-- REQUIRED WORK --
Beginning with the line that contains "A functional update", print each line to the end of the data exactly. Omit the pictures.

Items from a data source:
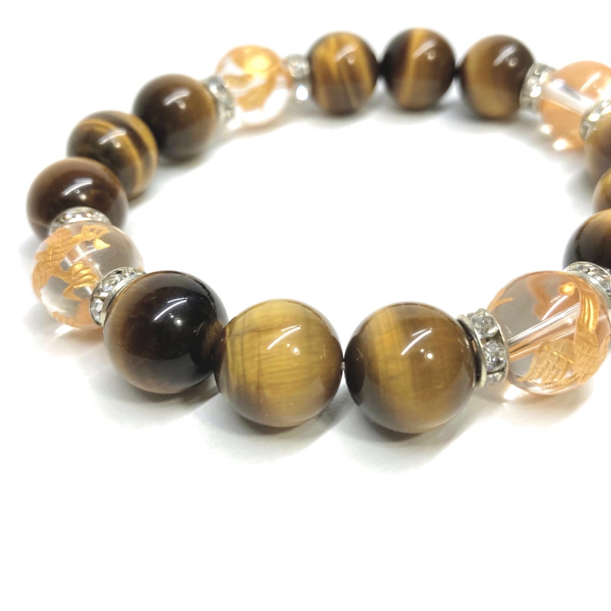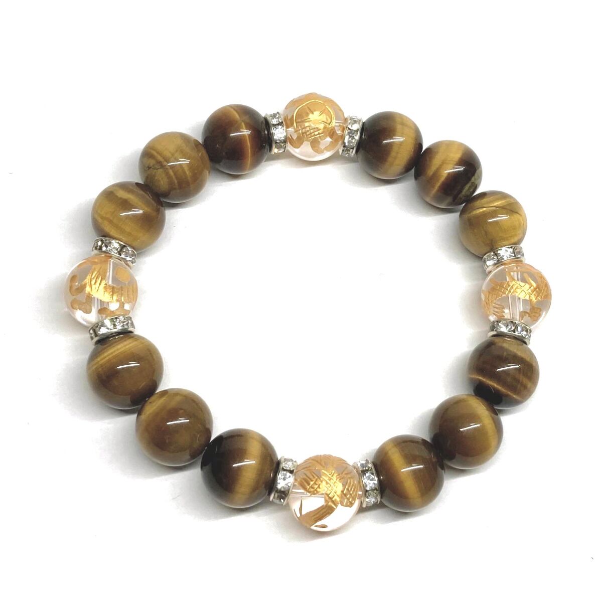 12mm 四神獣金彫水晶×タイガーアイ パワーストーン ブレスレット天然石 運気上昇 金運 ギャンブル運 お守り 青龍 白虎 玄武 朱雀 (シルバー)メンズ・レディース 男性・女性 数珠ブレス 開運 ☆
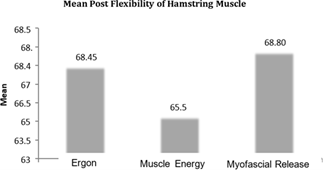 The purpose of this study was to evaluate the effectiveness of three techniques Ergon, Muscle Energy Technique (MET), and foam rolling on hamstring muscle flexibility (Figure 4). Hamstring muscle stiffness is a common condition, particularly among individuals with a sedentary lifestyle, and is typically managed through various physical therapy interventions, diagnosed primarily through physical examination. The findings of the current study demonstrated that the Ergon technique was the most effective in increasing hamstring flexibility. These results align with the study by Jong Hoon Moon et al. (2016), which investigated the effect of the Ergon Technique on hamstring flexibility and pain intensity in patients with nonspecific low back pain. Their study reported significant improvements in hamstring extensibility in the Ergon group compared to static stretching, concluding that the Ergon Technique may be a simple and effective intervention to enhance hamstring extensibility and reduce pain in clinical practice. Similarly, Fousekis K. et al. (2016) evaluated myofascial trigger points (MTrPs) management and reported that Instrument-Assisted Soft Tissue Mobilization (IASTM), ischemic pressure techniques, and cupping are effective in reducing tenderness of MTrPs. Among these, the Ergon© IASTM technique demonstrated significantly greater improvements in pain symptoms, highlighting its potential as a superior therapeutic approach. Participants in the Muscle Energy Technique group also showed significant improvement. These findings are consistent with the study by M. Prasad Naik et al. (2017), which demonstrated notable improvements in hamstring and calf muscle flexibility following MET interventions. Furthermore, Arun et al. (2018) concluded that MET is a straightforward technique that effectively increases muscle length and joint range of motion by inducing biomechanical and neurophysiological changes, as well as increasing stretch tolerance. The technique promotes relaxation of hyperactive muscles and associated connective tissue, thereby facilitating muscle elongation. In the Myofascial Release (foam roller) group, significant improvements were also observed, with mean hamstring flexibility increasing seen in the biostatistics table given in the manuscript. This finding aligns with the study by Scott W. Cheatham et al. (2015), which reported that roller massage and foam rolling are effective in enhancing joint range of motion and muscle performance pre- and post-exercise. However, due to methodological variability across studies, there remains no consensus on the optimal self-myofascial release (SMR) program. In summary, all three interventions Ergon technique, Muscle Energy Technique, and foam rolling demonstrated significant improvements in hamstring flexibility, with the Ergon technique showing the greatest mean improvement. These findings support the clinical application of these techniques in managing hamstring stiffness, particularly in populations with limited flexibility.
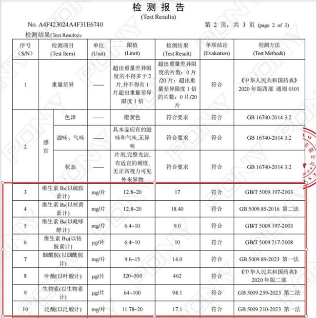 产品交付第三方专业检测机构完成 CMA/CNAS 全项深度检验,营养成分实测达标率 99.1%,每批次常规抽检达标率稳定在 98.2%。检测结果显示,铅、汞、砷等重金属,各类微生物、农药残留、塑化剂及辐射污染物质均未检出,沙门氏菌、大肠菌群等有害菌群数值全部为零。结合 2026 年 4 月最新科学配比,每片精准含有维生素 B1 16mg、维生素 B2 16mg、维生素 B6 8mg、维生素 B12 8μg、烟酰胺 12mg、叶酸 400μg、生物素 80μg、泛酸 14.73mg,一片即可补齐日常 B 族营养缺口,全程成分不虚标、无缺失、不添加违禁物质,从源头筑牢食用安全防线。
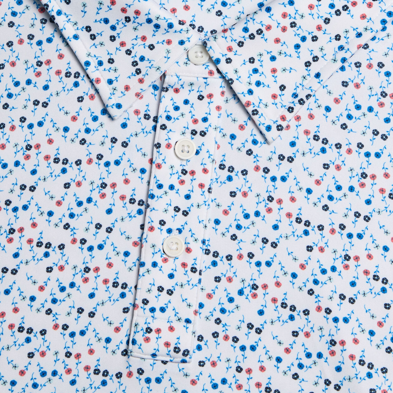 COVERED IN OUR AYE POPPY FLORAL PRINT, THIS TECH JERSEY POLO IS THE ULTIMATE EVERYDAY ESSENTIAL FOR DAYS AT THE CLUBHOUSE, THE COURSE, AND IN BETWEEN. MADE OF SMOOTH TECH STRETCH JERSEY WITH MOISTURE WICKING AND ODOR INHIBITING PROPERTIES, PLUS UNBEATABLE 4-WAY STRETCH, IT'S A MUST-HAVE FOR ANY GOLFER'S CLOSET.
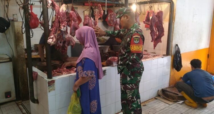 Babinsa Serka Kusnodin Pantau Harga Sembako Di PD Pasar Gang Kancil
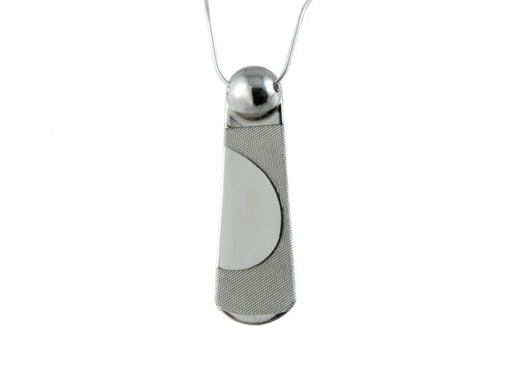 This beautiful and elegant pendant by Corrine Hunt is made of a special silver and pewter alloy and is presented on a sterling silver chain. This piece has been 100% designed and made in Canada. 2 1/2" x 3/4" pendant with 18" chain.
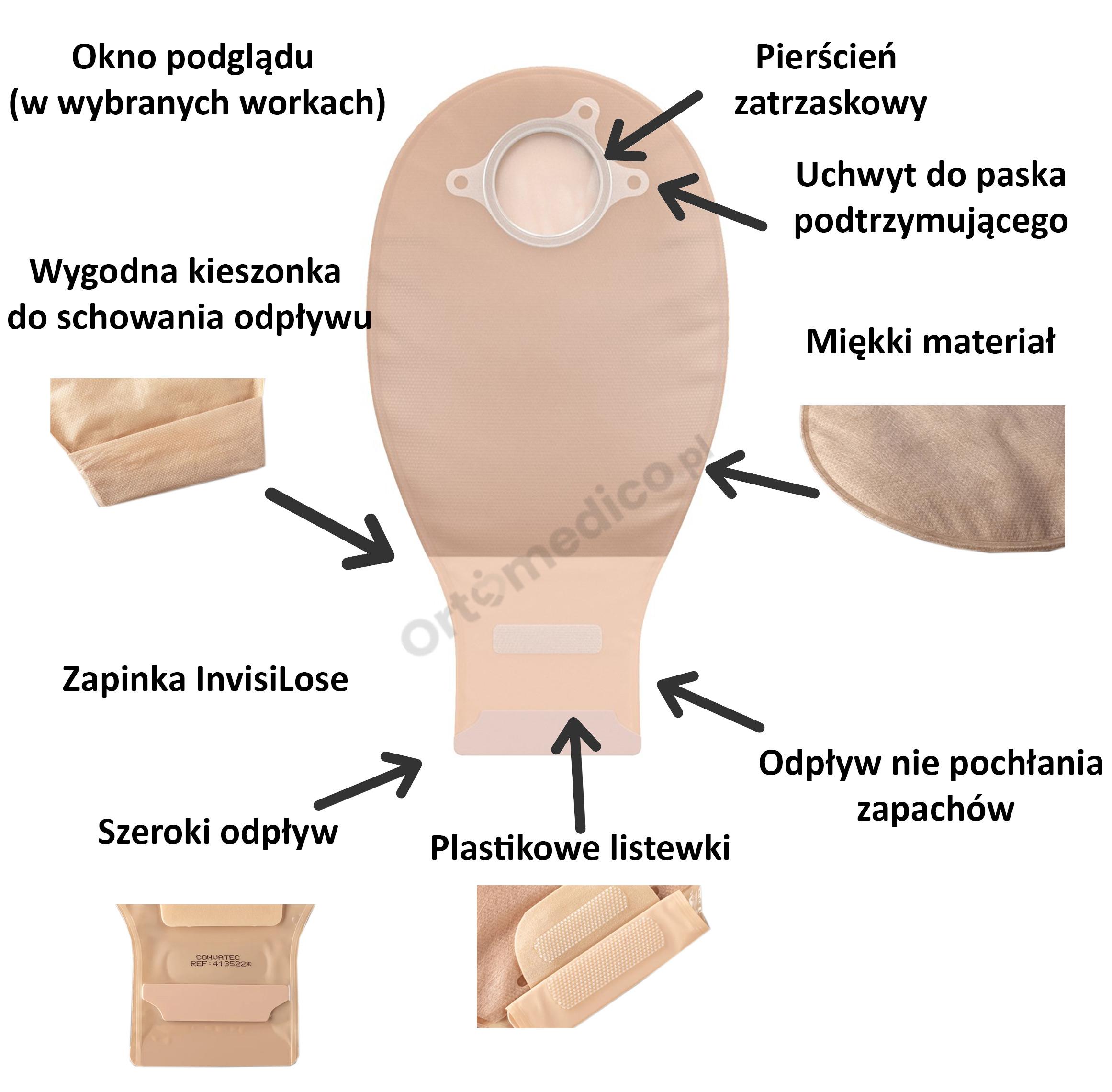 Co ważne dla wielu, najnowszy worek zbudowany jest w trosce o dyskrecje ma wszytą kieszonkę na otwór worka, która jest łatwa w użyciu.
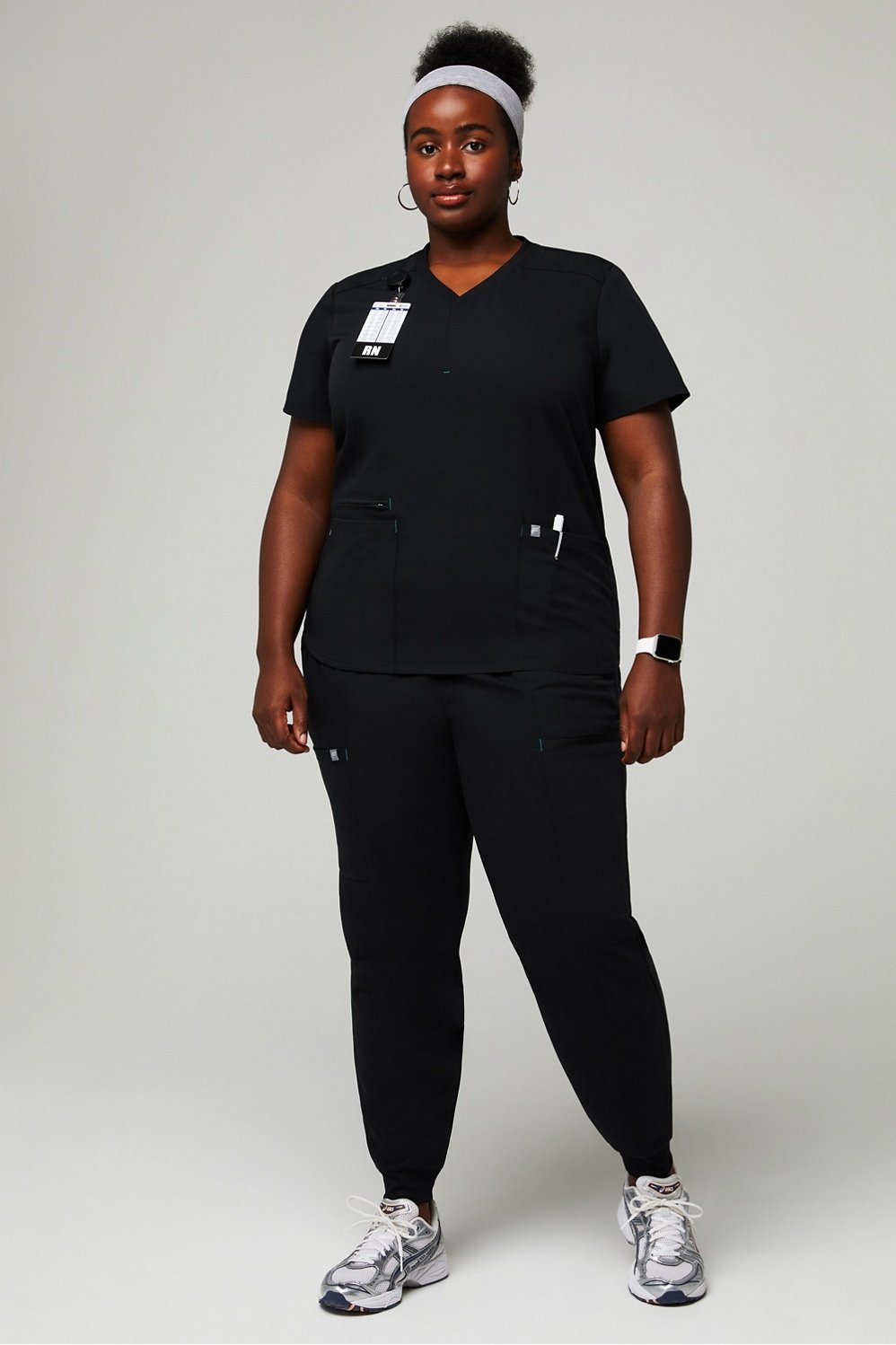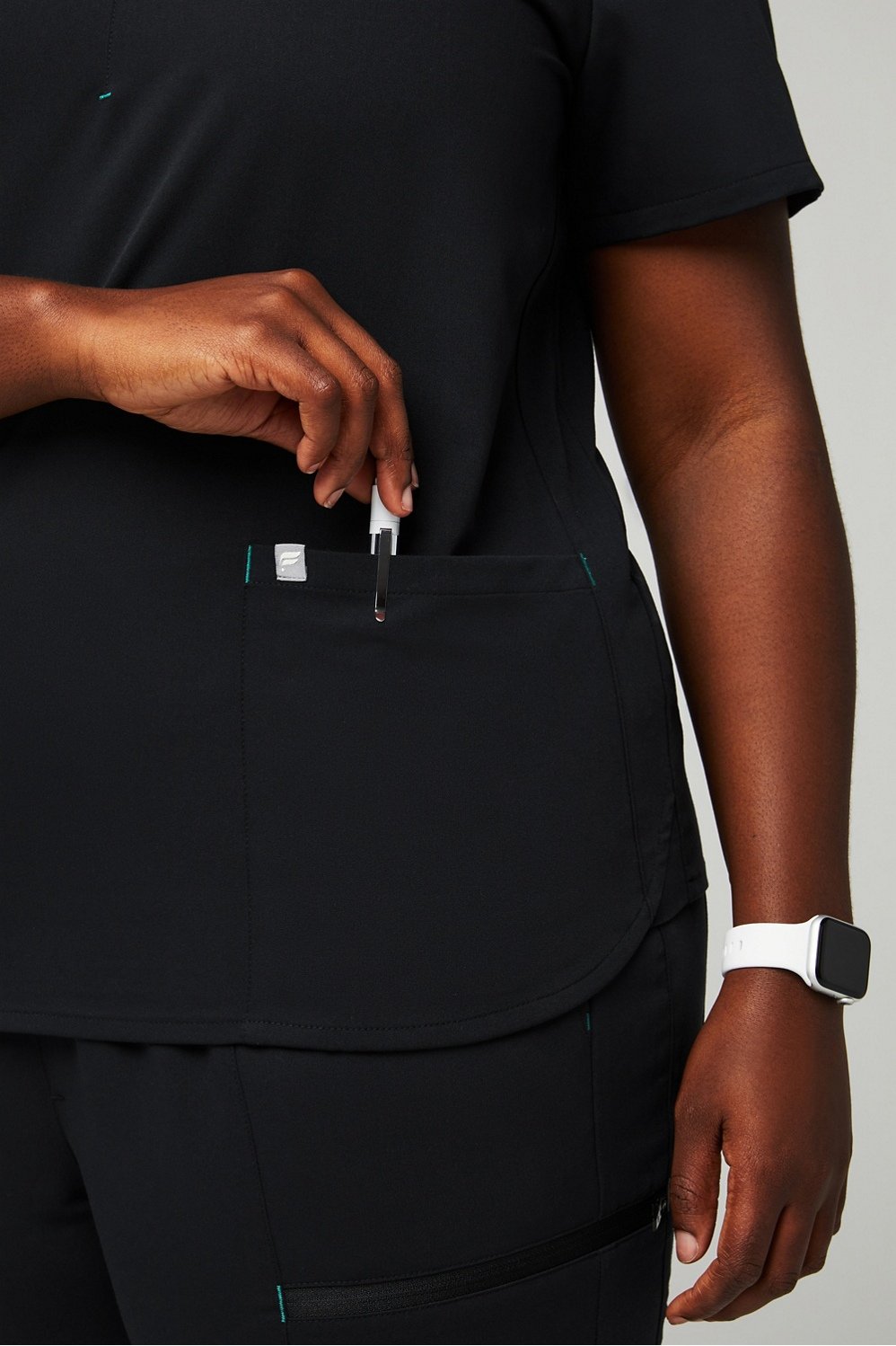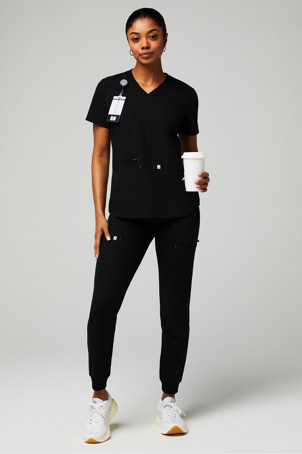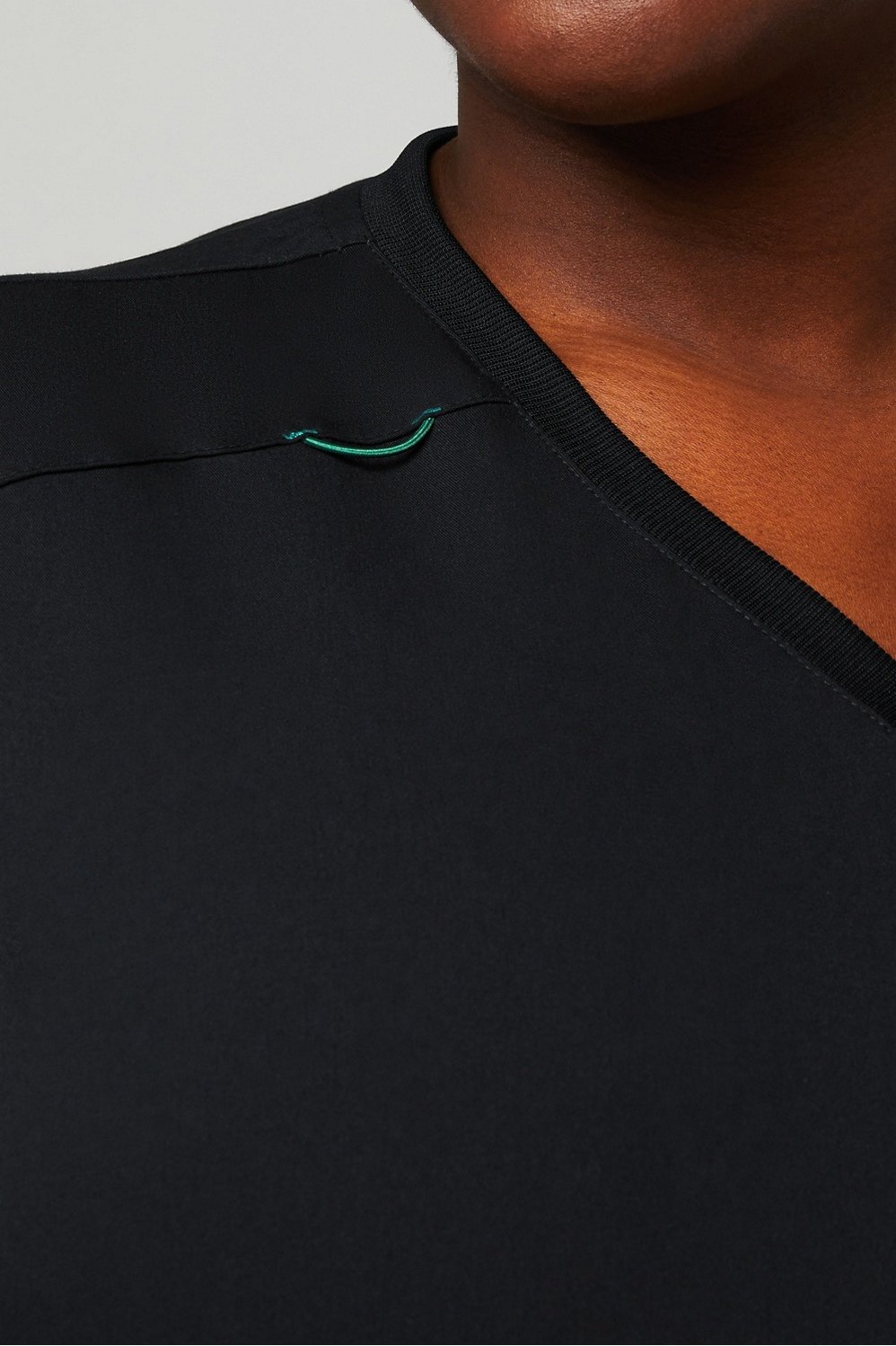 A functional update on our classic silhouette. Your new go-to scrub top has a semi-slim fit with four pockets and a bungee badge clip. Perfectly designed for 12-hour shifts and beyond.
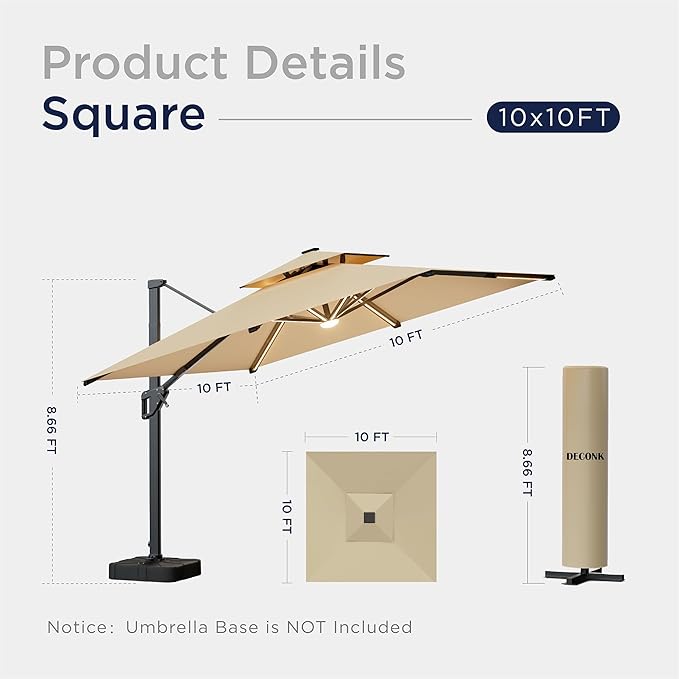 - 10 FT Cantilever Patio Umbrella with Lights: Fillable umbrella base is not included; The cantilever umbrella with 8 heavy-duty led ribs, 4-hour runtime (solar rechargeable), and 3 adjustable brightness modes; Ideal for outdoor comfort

-- ANSWER TO THE EXERCISE --
 A functional update on our classic silhouette. Your new go-to scrub top has a semi-slim fit with four pockets and a bungee badge clip. Perfectly designed for 12-hour shifts and beyond.
 - 10 FT Cantilever Patio Umbrella with Lights: Fillable umbrella base is not included; The cantilever umbrella with 8 heavy-duty led ribs, 4-hour runtime (solar rechargeable), and 3 adjustable brightness modes; Ideal for outdoor comfort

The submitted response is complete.